A History of Art History
In this wide-ranging and authoritative book, the first of its kind in English, Wood tracks the evolution of the historical study of art from the late middle ages through the rise of the modern scholarly discipline of art history.
Synthesising and assessing a vast array of writings, episodes, and personalities, this original and accessible account of the development of art-historical thinking will appeal to readers both inside and outside the discipline. The book shows that the pioneering chroniclers of the Italian Renaissance-Lorenzo Ghiberti and Giorgio Vasari-measured every epoch against fixed standards of quality. Only in the Romantic era did art historians discover the virtues of medieval art, anticipating the relativism of the later nineteenth century, when art history learned to admire the art of all societies and to value every work as an index of its times.
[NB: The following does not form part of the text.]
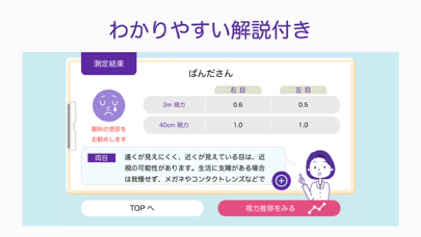 視力の変化や左右の違いをわかりやすくチェックできます。

The major art historians of the modern era, however-Jacob Burckhardt, Aby Warburg, Heinrich Wolfflin, Erwin Panofsky, Meyer Schapiro, and Ernst Gombrich-struggled to adapt their work to the rupture of artistic modernism, leading to the current predicaments of the discipline. Combining erudition with clarity, this book makes a landmark contribution to the understanding of art history.
Christopher S. Wood is a professor at New York University. He is the author of Forgery, Replica, Fiction: Temporalities of German Renaissance Art and Albrecht Altdorfer and the Origins of Landscape, the coauthor of Anachronic Renaissance, and the editor of The Vienna School Reader: Politics and Art Historical Method in the 1930s.